東京慈恵会医科大、附属病院の無菌病床にAIペットロボット導入 小児ケアで活用

AIペットロボット「Moflin(モフリン)」

東京慈恵会医科大学(東京・港区)は2月19日、カシオ計算機と連携し、AI(人工知能)ペットロボット「Moflin(モフリン)」を2月9日から附属病院小児病棟の無菌病床に導入したと発表した。小児病棟の無菌病床での活用は初という。

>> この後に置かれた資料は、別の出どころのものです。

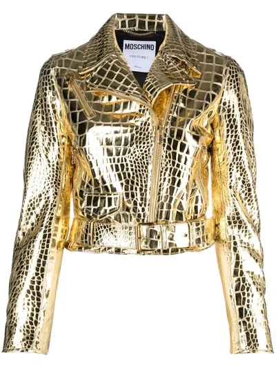 Moschino Crocodile effect Cropped Biker Jacket In Gold ModeSens Very well made.

「Moflin」は、飼い主と深い絆を築けるように設計されたAIペットロボット。よく話しかける人を飼い主として認識し、なでたり、抱きしめたりするなどの愛情表現から飼い主が好むしぐさを認識し、自ら進んで行うようになる。育て方次第で400万通り以上の性格が形成される。

小児病棟の無菌病室
小児病棟の無菌病室

慈恵医大は、カシオから「Moflin」2台の提供を受け、小児病棟のケアの一環で運用する。こどもが触れ合い、声をかけ、日々の入院生活の中で自然に関係を築いていく存在として、医療スタッフを補完する役割を担うことを見込む。また、「Moflin」のいる環境での入院生活が、こどもたちや保護者の気持ちにどのような変化をもたらすのかを聞き取りなどを通じて、日々のケアの向上につなげる。

東京慈恵会医大では、今後、導入窓口となった小児科学講座がカシオと連携しながら、ロボットが、こどもたちの入院生活の質(QOL)を高め、医療現場に無理なく根づく活用の形を模索する。